Problem to work on: Restate the whole of the data below word for word, skipping the images.

Supplied data:
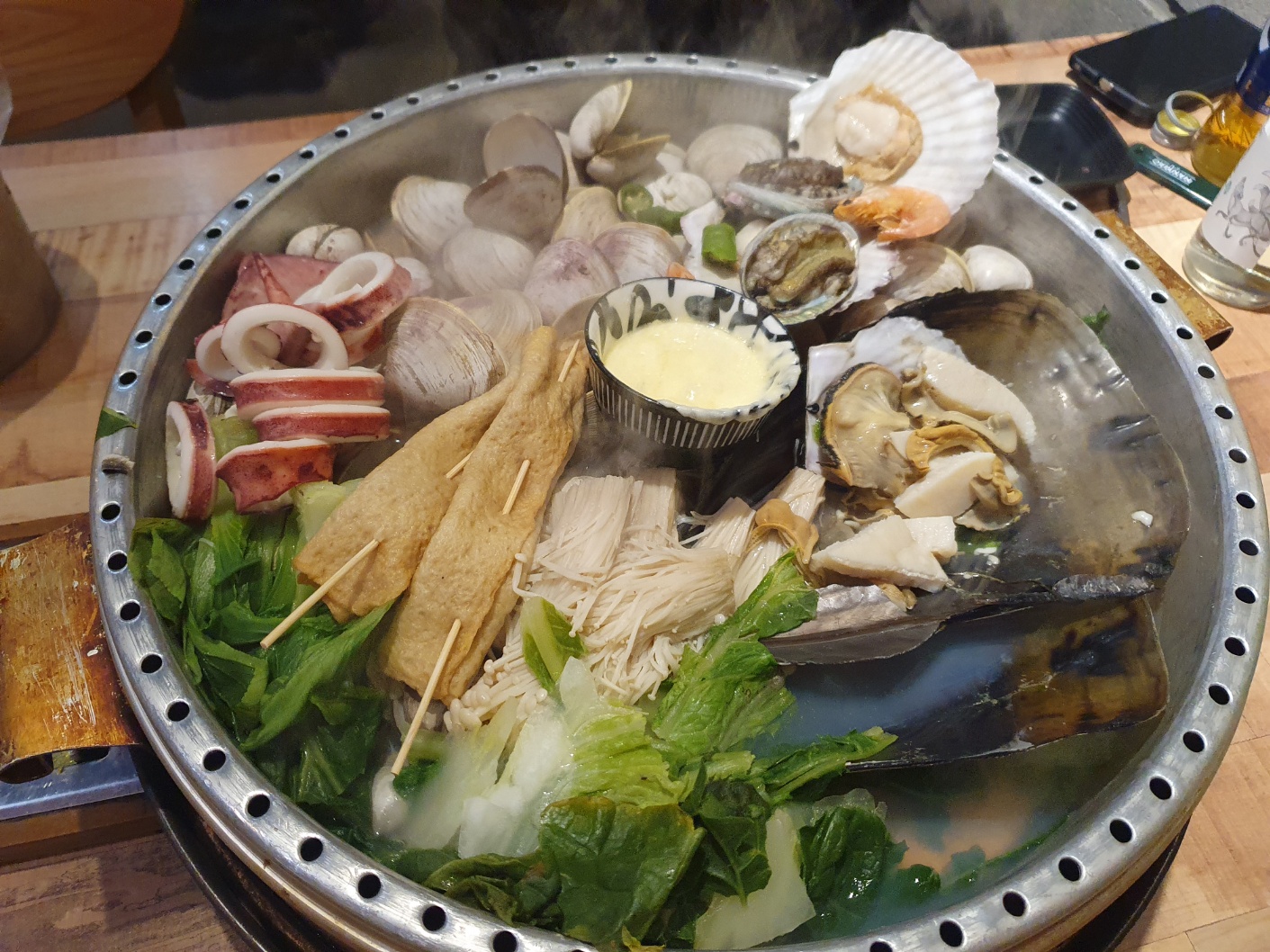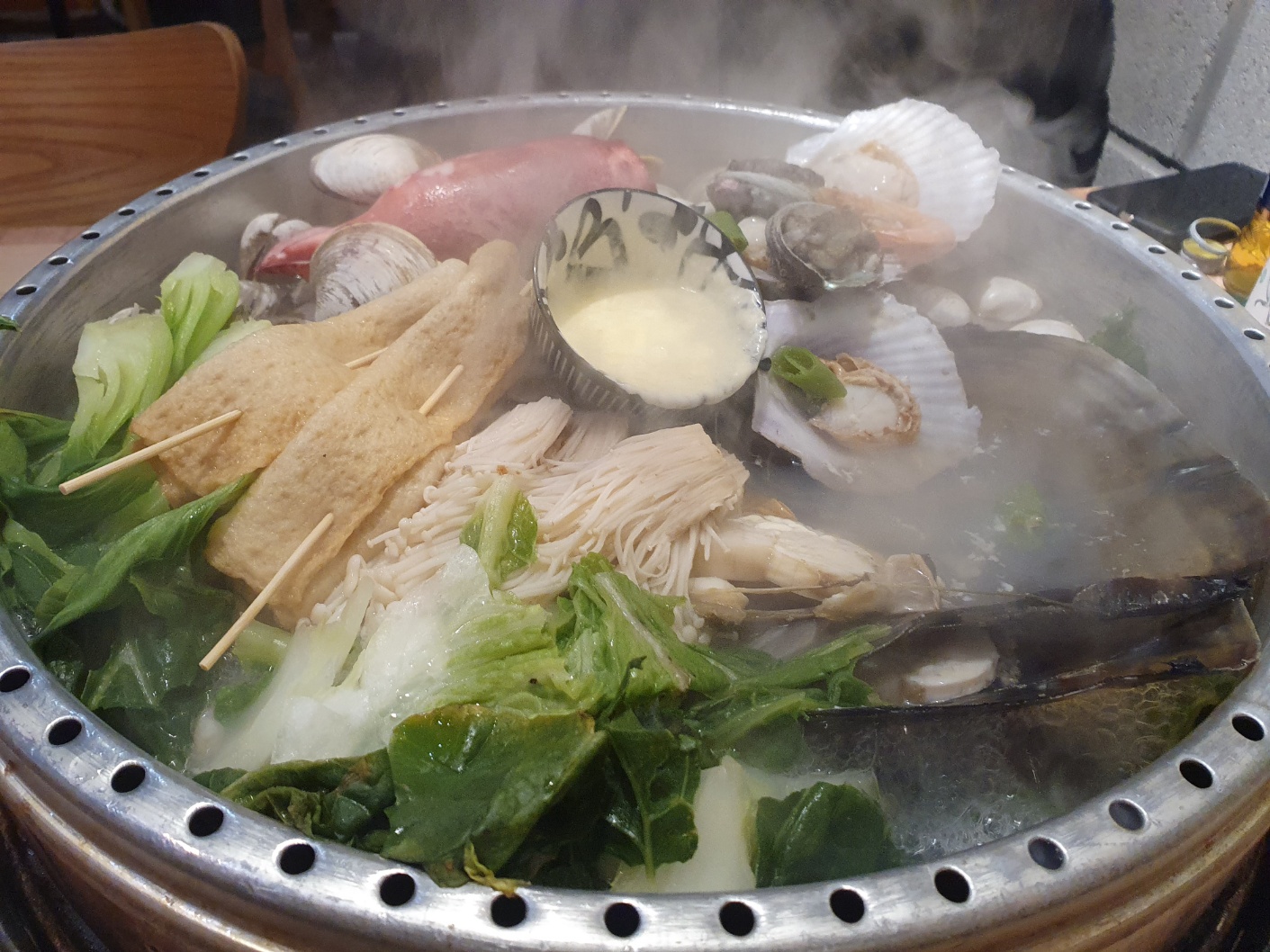 뚜껑이 열리니 통통한 오징어부터 전복, 가리비, 키조개, 어묵, 각종 야채들이 수북이 쌓여 있는 모습입니다.
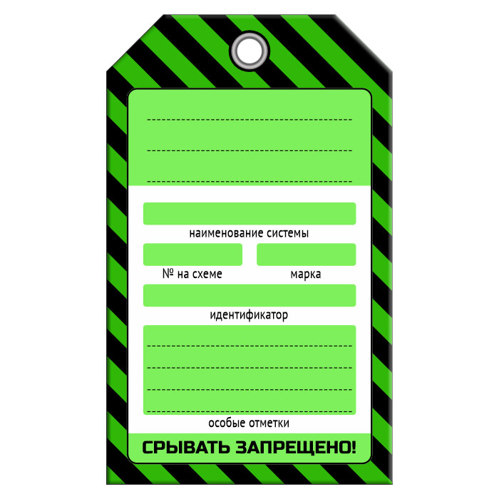 Бирка без наименования размером 70х115 мм имеет полноцветную односторонюю печать. Цвет: зеленый. Для дополнительной защиты от факторов окружающей среды возможно ламинирование поверхности
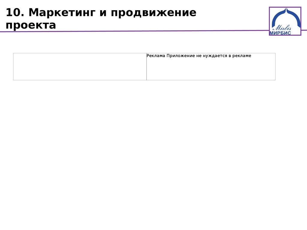 10. Маркетинг и продвижениепроекта
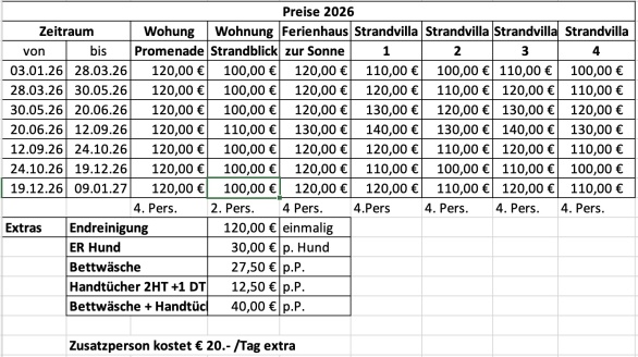 Hier finden Sie die aktuelle Preisliste für 2025. Auf Anfrage informieren wir Sie auch gerne über Sonderkonditionen. Wir vermieten Ihnen unsere Wohnung und das Ferienhaus das ganze Jahr über und vermitteln Ihnen auch andere Unterkünfte.
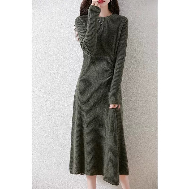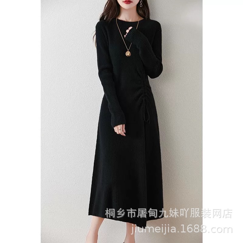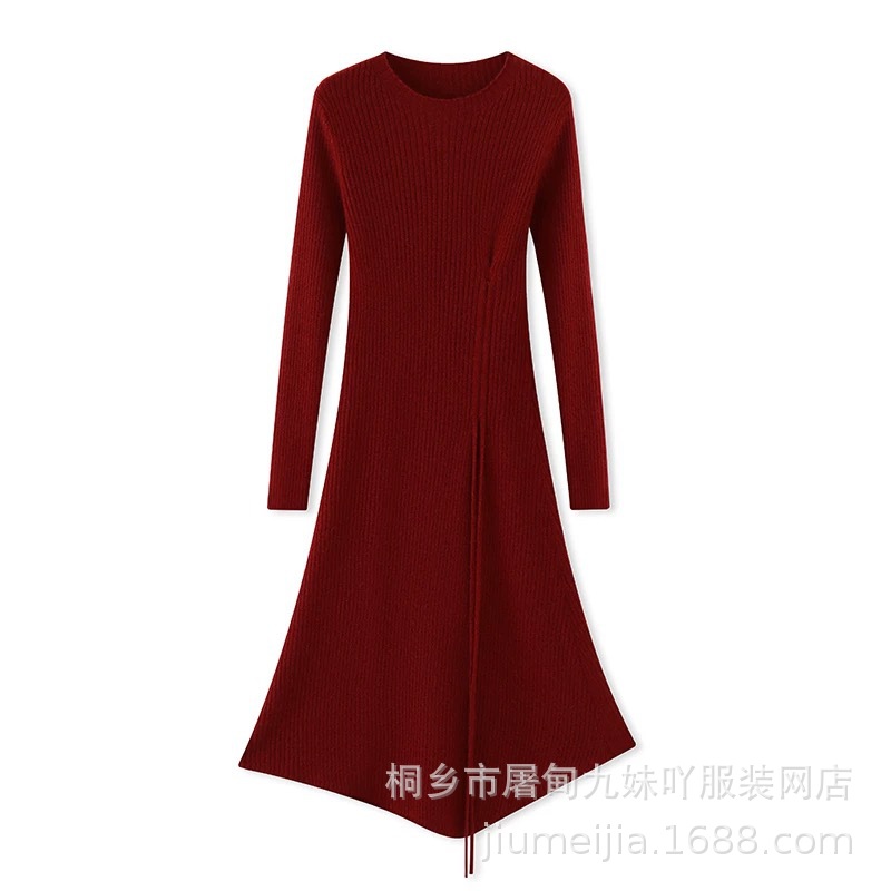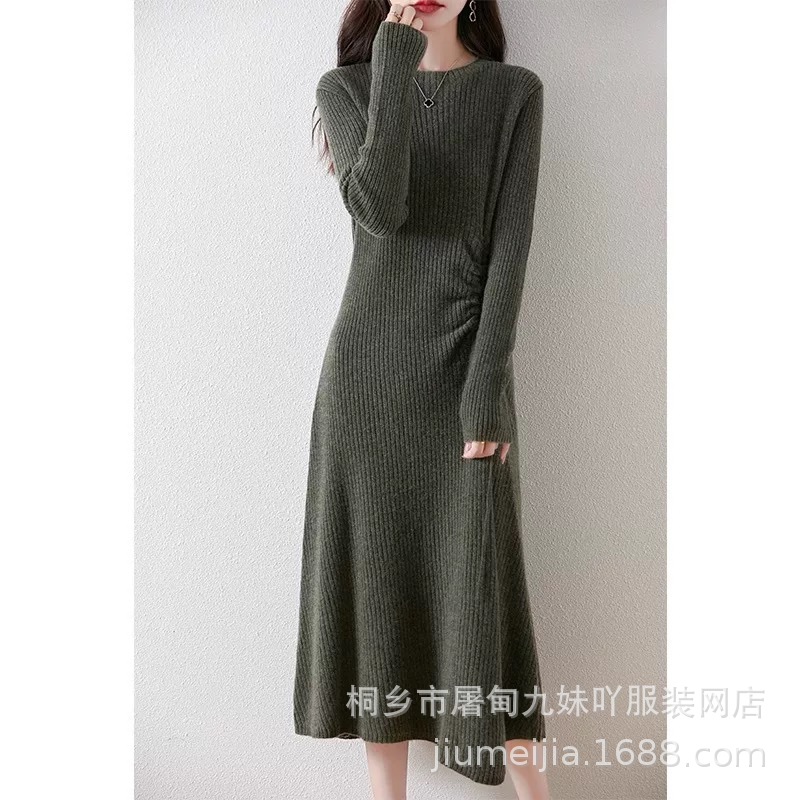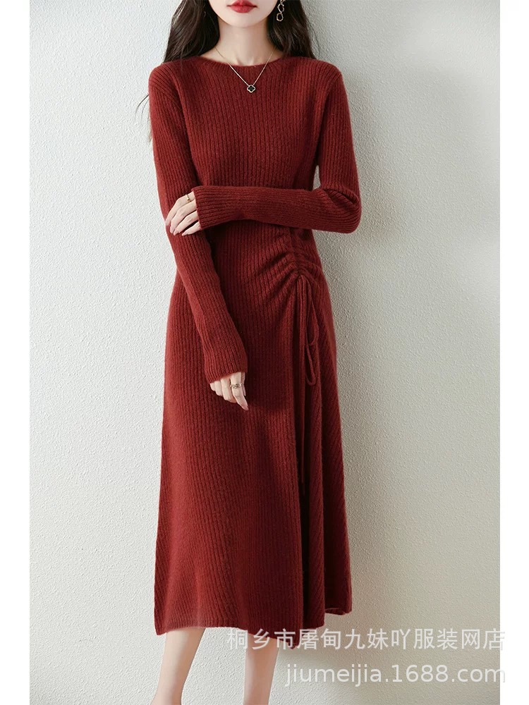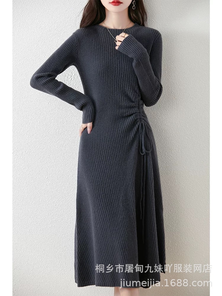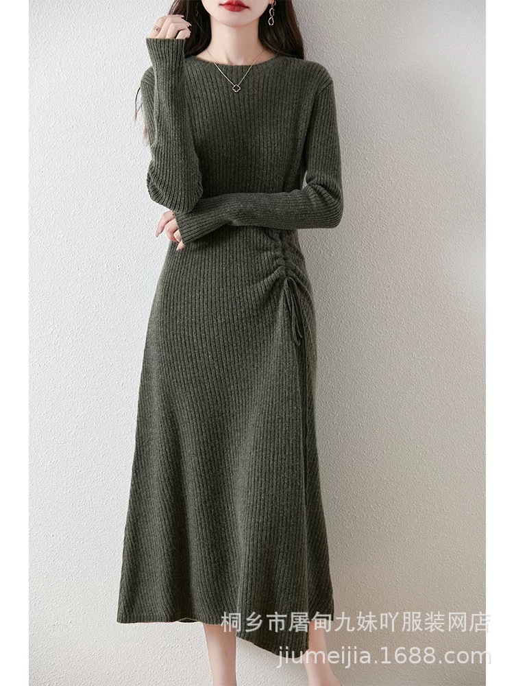 Вязаное платье во французском стиле для женщин осенью и зимой, круглый вырез, утягивающее талию, облегающее платье-свитер средней длины, облегающее бедра.
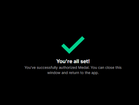 | Upon successful authentication, a new tab will open with the "You're all set!" message. You have now successfully linked your Riot account with Medal! | ![]() |
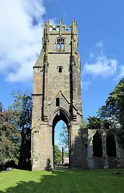 Greyfriars, Richmond was a friary in North Yorkshire, England. Its bell tower still survives and dates from the 15th century.[1] Its establishment as a friary is attributed to Ralph Fitz Randall in 1258. His heart was buried there in 1270. During the Crusades, Archbishop Romanus requested that two priests be sent from the friary, one there and one to Copeland (Cumberland).[2] In 1304, an "apostate friar", Arthur of Hartlepool, upon being arrested, was sent to the friary for punishment.[3] It was surrendered 19 January 1538, after it had accumulated five and a half acres of land from William de Huddeswell (in 1364) and John de Nevill (in 1383).[4][5]
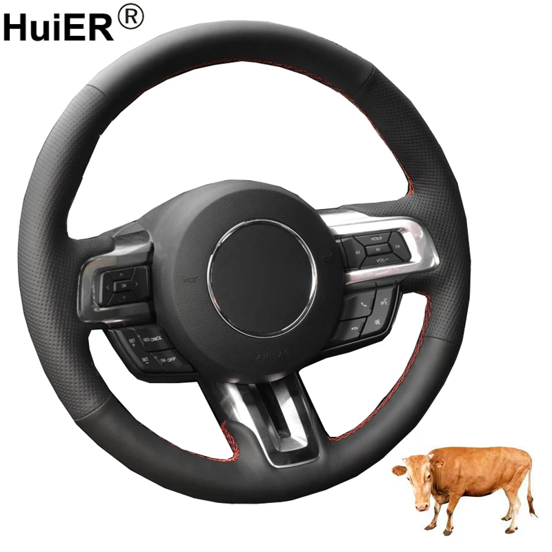 Верхний слой из коровьей кожи чехол для руляFord Mustang 2015 2016 2017 2018 2019 2020 / Mustang GT GT350R 2015 2016 2017 2018 2019 2020.
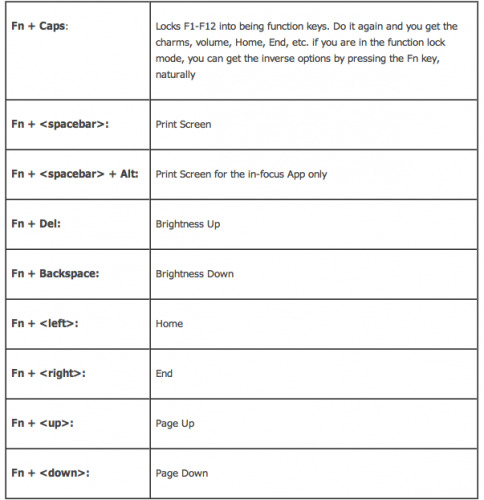 There are also quick access keys for Print Screen (and just the in-focus app), adjusting the brightness of the display, and navigating through documents and webpages.
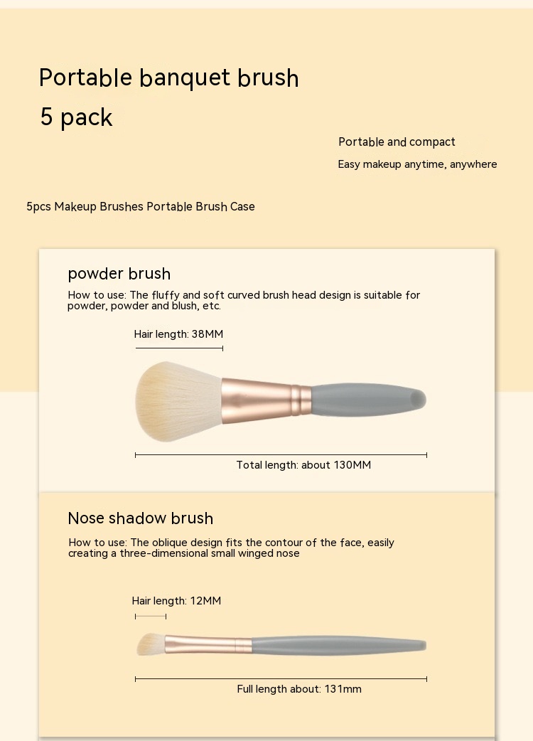 Complete 5-Piece Set: This set includes five essential makeup brushes: a powder brush, blush brush, eyeshadow brush,
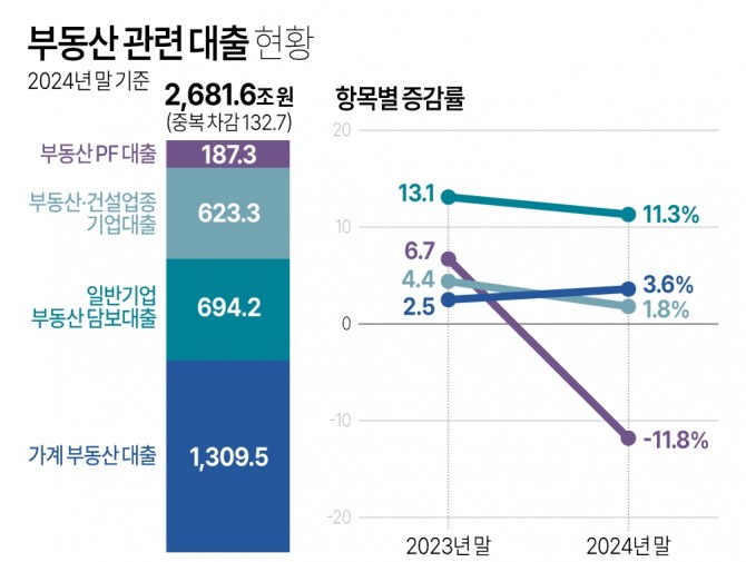 특히 국내 부동산 PF 관련 보증 규모는 2조9000억원에 이른다. 1년 사이 40%나 늘어난 규모다. 부동산 금융투자 상품 규모는 375조9000억원이다. 증가율은 2023년 11%에서 지난해 3.7%로 뚝 떨어졌다.
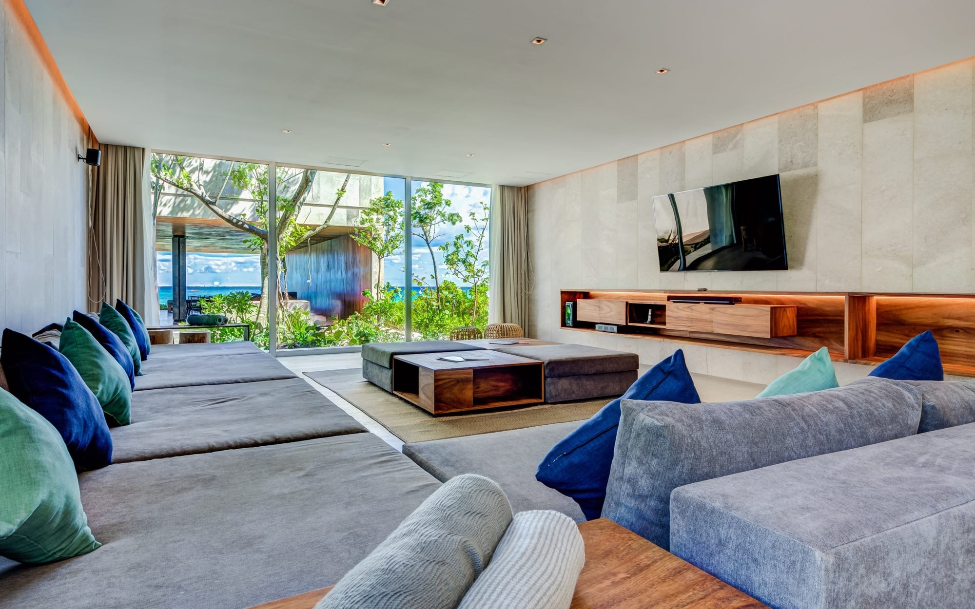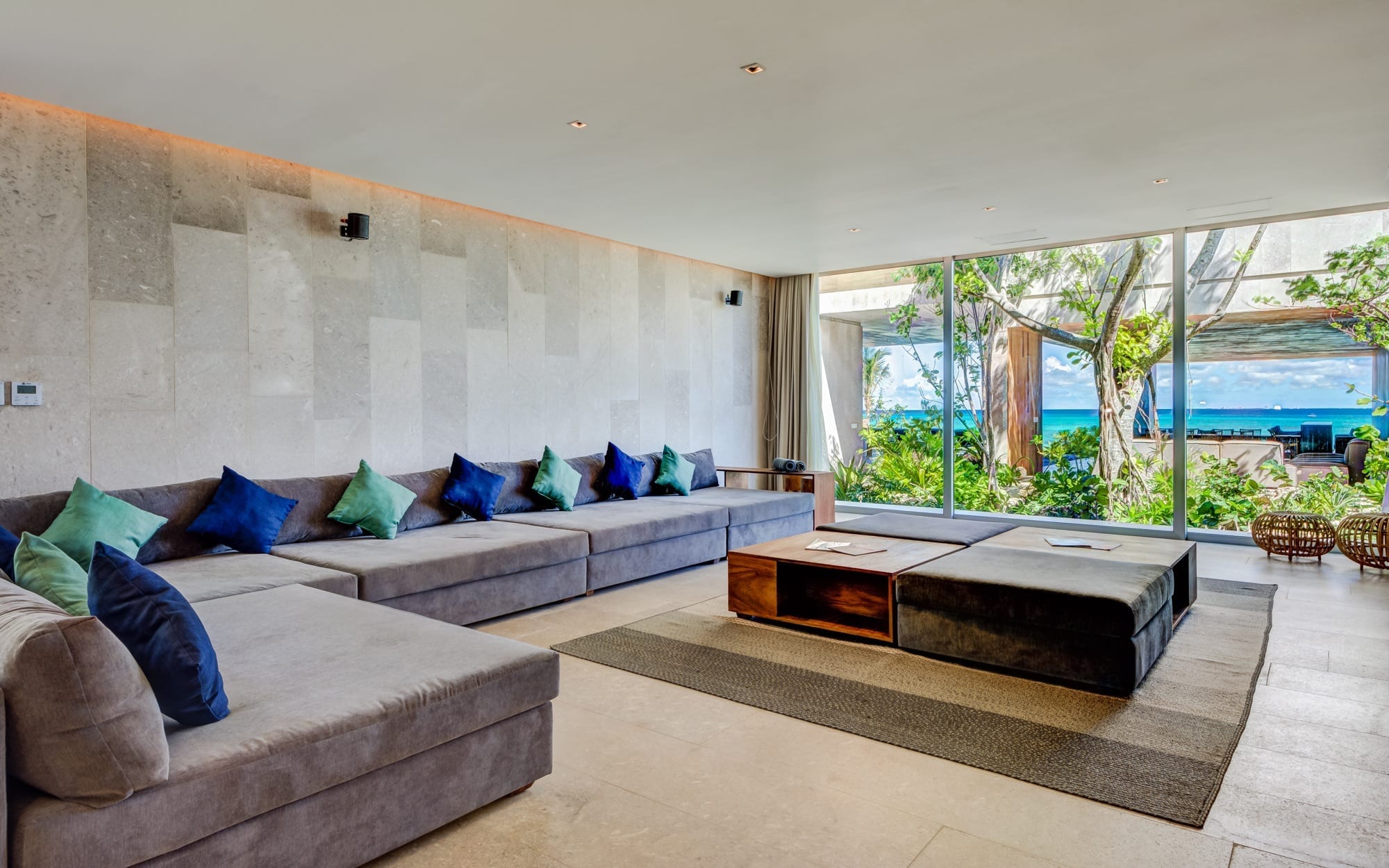 Generous in scale, the villa is designed to host up to 20 guests across seven large bedrooms, allowing groups to stay together comfortably under one roof. Three master suites face the ocean, while the remaining rooms look onto the gardens, creating a balance between open seascape and verdant calm. The overall layout supports both shared time and quiet retreat, with spaces arranged to accommodate families, couples, and friends traveling together.

Expected output:
 뚜껑이 열리니 통통한 오징어부터 전복, 가리비, 키조개, 어묵, 각종 야채들이 수북이 쌓여 있는 모습입니다.
 Бирка без наименования размером 70х115 мм имеет полноцветную односторонюю печать. Цвет: зеленый. Для дополнительной защиты от факторов окружающей среды возможно ламинирование поверхности
 10. Маркетинг и продвижениепроекта
 Hier finden Sie die aktuelle Preisliste für 2025. Auf Anfrage informieren wir Sie auch gerne über Sonderkonditionen. Wir vermieten Ihnen unsere Wohnung und das Ferienhaus das ganze Jahr über und vermitteln Ihnen auch andere Unterkünfte.
 Вязаное платье во французском стиле для женщин осенью и зимой, круглый вырез, утягивающее талию, облегающее платье-свитер средней длины, облегающее бедра.
 | Upon successful authentication, a new tab will open with the "You're all set!" message. You have now successfully linked your Riot account with Medal! | ![]() |
 Greyfriars, Richmond was a friary in North Yorkshire, England. Its bell tower still survives and dates from the 15th century.[1] Its establishment as a friary is attributed to Ralph Fitz Randall in 1258. His heart was buried there in 1270. During the Crusades, Archbishop Romanus requested that two priests be sent from the friary, one there and one to Copeland (Cumberland).[2] In 1304, an "apostate friar", Arthur of Hartlepool, upon being arrested, was sent to the friary for punishment.[3] It was surrendered 19 January 1538, after it had accumulated five and a half acres of land from William de Huddeswell (in 1364) and John de Nevill (in 1383).[4][5]
 Верхний слой из коровьей кожи чехол для руляFord Mustang 2015 2016 2017 2018 2019 2020 / Mustang GT GT350R 2015 2016 2017 2018 2019 2020.
 There are also quick access keys for Print Screen (and just the in-focus app), adjusting the brightness of the display, and navigating through documents and webpages.
 Complete 5-Piece Set: This set includes five essential makeup brushes: a powder brush, blush brush, eyeshadow brush,
 특히 국내 부동산 PF 관련 보증 규모는 2조9000억원에 이른다. 1년 사이 40%나 늘어난 규모다. 부동산 금융투자 상품 규모는 375조9000억원이다. 증가율은 2023년 11%에서 지난해 3.7%로 뚝 떨어졌다.
 Generous in scale, the villa is designed to host up to 20 guests across seven large bedrooms, allowing groups to stay together comfortably under one roof. Three master suites face the ocean, while the remaining rooms look onto the gardens, creating a balance between open seascape and verdant calm. The overall layout supports both shared time and quiet retreat, with spaces arranged to accommodate families, couples, and friends traveling together.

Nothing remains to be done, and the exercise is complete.